"""
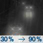 Temperature: 35°F Wind Speed: 10 mph Wind Direction: S Forecast: Rain after 9pm. Mostly cloudy, with a low around 35. Chance of precipitation is 90%. |
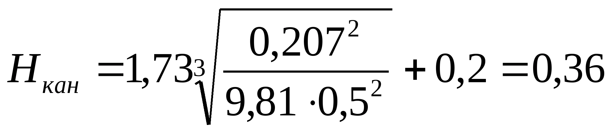 где q>кан >- расход воды в канал в м3/с, принимаем равным q>w>=0,207 м3/с;
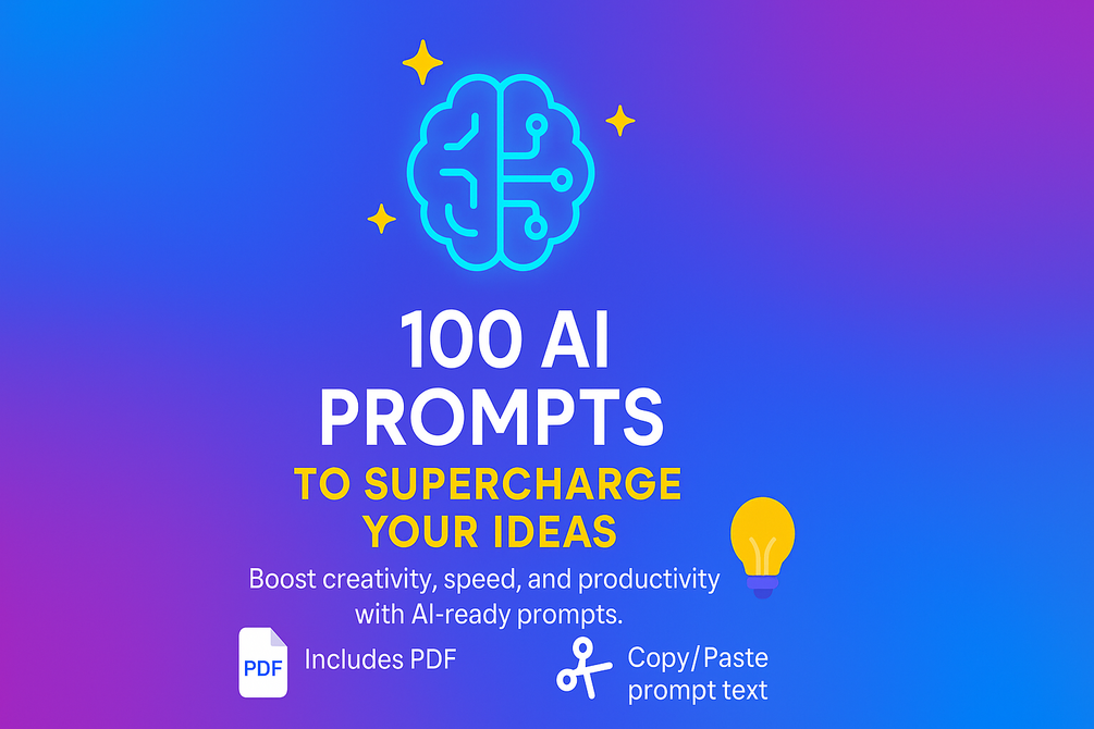 100 AI Prompts to Supercharge Your Ideas. “Get started with powerful, ready-to-use prompts for creators, solopreneurs, and innovators.”
"""
Work to complete - Retype the whole listing word for word. Skip the pictures.

Output of the exercise -
 Temperature: 35°F Wind Speed: 10 mph Wind Direction: S Forecast: Rain after 9pm. Mostly cloudy, with a low around 35. Chance of precipitation is 90%. |
 где q>кан >- расход воды в канал в м3/с, принимаем равным q>w>=0,207 м3/с;
 100 AI Prompts to Supercharge Your Ideas. “Get started with powerful, ready-to-use prompts for creators, solopreneurs, and innovators.”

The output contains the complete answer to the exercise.